Недавно общался с киевским приятелем. Человек жутко недоволен жизнью. И понятно почему: перспектив особых нет, так как сам уже в возрасте, а на редкую появившуюся работу всегда найдутся люди помоложе, конкурироватъ с которыми ему трудно. Правительство ему любить особо не за что, и он отчаянно хватается за любую соломинку, которую ему кидают.

— Вот, — говорил он мне, — на днях Тимошенко по телевизору цифры приводила по тарифам и по энергетике вообще — так получается, что у нас все должно быть и быть дешевым, а на деле что?! Как я ненавижу наше правительство! Все его ненавидят!

— Как интересно! — я поддержал его негодование. — И что, действительно цифры сошлись, когда ты их проверил?

— Как это — проверил? — искренне поразился мой друг.

— Ну, ведь, просто же, ты, как-никак, электрик со средним техническим образованием, можешь просчитать и сопоставить производство, потребности и расходы и соотнести все это со стоимостью, истинной и предлагаемой?

— Да ну, что я эти буду заниматься, — отмахнулся он, — если она уже их показала?

— То есть, ты веришь на слово политику, который много раз проходил через избирательные циклы и много чего разного наговорил и наделал?

— Ну, так цифры же! Там же цифры!

Цифры. В недавних статьях (если не во всех!) я усиленно продвигал тезис о необходимости привнесения в украинский дискурс формалистического и гуманитарного мышления и видения. По той простой причине, что инженерный подход, с советских времен доминирующий в сознании, по определению утилитарен, с четким делением на необходимые, достаточные и лишние детали. Что сойдёт для сборки комбайна, но чревато самыми жуткими социальными последствиями при организации общества. Иными словами, не стоит путать конкретный метод с общим процессом и контекстом, не стоит думать, что, сами по себе, цифры имеют значение.
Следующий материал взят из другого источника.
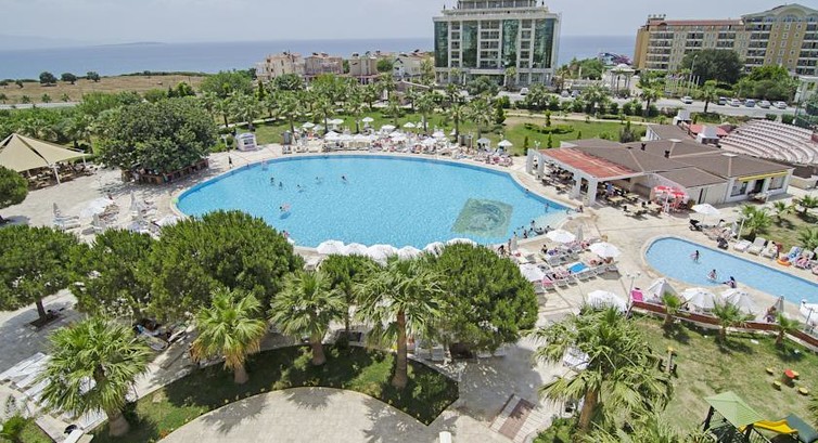 Начну с того, что отель не тянет на твердые 5 звезд, но мне лично он понравился, большая территория, бассейн большой и детский и взрослый, детская площадка и там же небольшая детская комната, где малыши вместе с родителями могут порисовать, пособирать конструктор и т.д. Хороший, приветливый персонал, номер мне тоже понравился, хорошее питание, взрослый точно голодный не останется, дети в принципе тоже, на завтрак по мимо накрытия в ресторане на улице жарят омлет, оладушки и лаваш, на ужин там же жарят овощи, мясо, рыбу или куру на гриле, каждый день был арбуз, периодически давали клубнику и дыню, всегда были яблоки, апельсины, груши, сладости, овощи и зелень, ресторан большой, официанты как пчелки бегают убирают сразу всю грязную посуду, протирают столы и заменяют скатерти если испачкались, целый день в отеле анимация, каждый вечер мини диско для детей и потом шоу тайм для взрослых, после 11 вечера тишина и покой, хотя при отеле есть клуб, но он не всегда открыт, зависит от количества народу там. Отель хорошо подходит для отдыха с детьми, тем кто хочет тусоваться ночами наверно там будет скучно. У отеля нет собственного пляжа, но если выйти из отеля направо и не много пройти есть отличный песчаный городской пляж, чистое море, прозрачная вода и светлый теплый песочек, не сразу глубоко, что отлично для детей, есть еще пляж с другой стороны, если выйти налево из отеля, но там камни и заход с пирса, этот пляж относиться к отелю и хоть и идти до него пять минут, туда каждый день есть утром трансфер из отеля, на пирсе для проживающих бесплатно лежаки и небольшой бар, где можно съесть сандвич или попить лимонад, воду, но мы на этот пляж не ходили потому что трехлетнему ребенку с пирса в море не зайти, поэтому ходили на другой

Не все цифры одинаковы, не все цифры сопоставимы. Особенно резко это проявляется, когда после очередного теракта во Франции тут же начинается нытье, что как у нас на Донбассе гибнут тысячи, так никто особо в Европе не печалится, а тут несколько десятков убили, и сразу вселенский вой. Получается, что наши мертвые хуже их мертвых?
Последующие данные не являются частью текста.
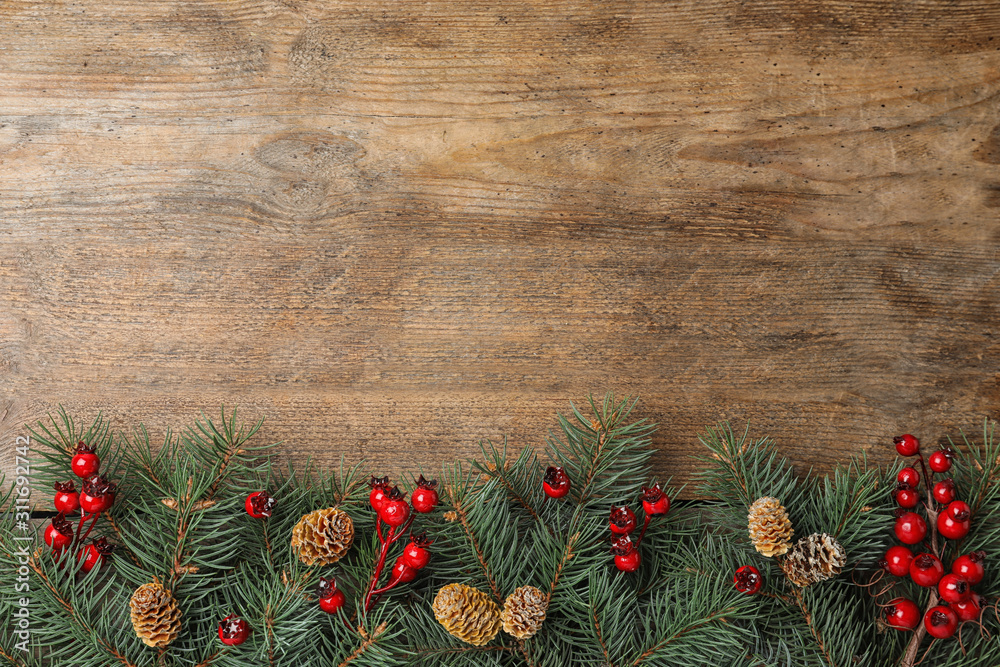 Obraz na plátně Flat lay composition with fir branches and berries on wooden background, space for text

Нет. Получается, что не все осознают контекст событий и механически сопоставляют первые пришедшие на ум цифры. А ведь логическую цепочку можно продолжить и дальше (некоторые так, кстати, и делают) — больше всего смертей в (развитом) мире происходят из-за автомобильных аварий, курения и потребления сахара. Так что смерть, причинённая раком лёгких или диабетом второго типа, имеет меньшее значение, чем от осколков «Града» или пули террориста?
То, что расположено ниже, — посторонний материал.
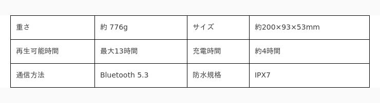 - アウトドアに最適:製品側面には落下などの衝撃に強い合成樹脂素材を採用し、製品の角は従来製品(※ Soundcore 3)に比べて1.5倍の厚みにすることで約2mの高さから落下にも耐えられる耐久性を実現しました(※ Anker調べ)。最大13時間と長時間の音楽再生が可能(※ 音量50%に設定し、BassUp(TM)機能をオフにした場合)で、アウトドアシーンでも安心してお使いいただけます。

Да. Всякая жизнь, во всяком случае, в идеале, одинаково ценна и значима. Смерть, с другой стороны, имеет определенное значение в определенном контексте. Скажем, миллиарды людей совершенно искренне оплакивали гибель принцессы Дианы, которая… черт его знает, чем она была знаменита, кроме того, что одно время была замужем за принцем Чарльзом. Крушения пассажирских самолетов всегда привлекают особое внимание, тем более, когда их сбивают «Буками» или взрывают в воздухе, несмотря на то, что, статистически, авиатранспорт гораздо безопаснее повседневных автомобилей. Еще меньше вероятность стать жертвой террористической акции. Но именно статистическая маловероятность события подчеркивает его значение, когда оно происходит.

Если мы сравниваем просто цифры, то справедливости ради нам придется сравнивать не только два произвольно выбранных нами же числа, но и все остальные, которые можно подогнать под разряд, в данном случае, погибших в определенных обстоятельствах. Что это даст? Абсолютно ничего. Вне контекста числа бессмысленны.

Контекст парижских атак выходит из множества причин, но видимая суть его в демонстративном насилии по отношению к неоспоримо гражданским лицам в местах общественного досуга. И предыдущий теракт против «Шарли Ебдо» произошел на рабочем месте погибших, за ними по отдельности не охотились. Идея таких действий — общий символизм подобного рода насилия, своего рода флаг, водруженный на крепостной башне. Количество жертв тут не имеет значение, — хотя для террористов чем больше, тем лучше, — важно их наличие в символическом контексте. Во Франции в то же время сошел с рельс поезд, сразу же после 11 сентября 2001 года на Нью-Йорк рухнул еще один самолет, но эти события не стали символическими в сознании миллионов. В США чуть ли не каждый день происходит массовое (4 и больше жертвы) убийство, в некоторых районах Чикаго смертность от вооруженного насилия превышает Ирак, но взрыва эмоций это не вызывает и в самой Америке. Потому что это не символ противостояния определённых взглядов на жизнь, не флаг на высоте, который можно и нужно заменить другим флагом, другим символом, а симптом определенной социальной болезни, в которую просто так знамя не воткнёшь.

То, что произошло и до сих пор происходит в зоне АТО и Крыму, тоже симптом болезни. Как и конфликты между Израилем и палестинцами, североамериканскими индейцами и государствами США и Канады, тамилами и сингалами Шри-Ланки, и множество других подобных проблем по миру. Украина тут не исключение. Тут продолжается лет 25, а может и 100, внутренний, я подчеркиваю — внутренний социально-политический конфликт между несколькими социально-политическими и экономическими группами, который после долгого процесса нагнетания напряженности по многим социальным, историческим, экономическим и политическим причинам взорвался сначала как Евромайдан и Революция достоинства, а затем как контрреволюция в Крыму и на Донбассе. Да, не без помощи евразийского братства Путина с Дугиным, но делать вид, что без Гиркиных и Бабаев в Украине все бы шло как по маслу, наивно.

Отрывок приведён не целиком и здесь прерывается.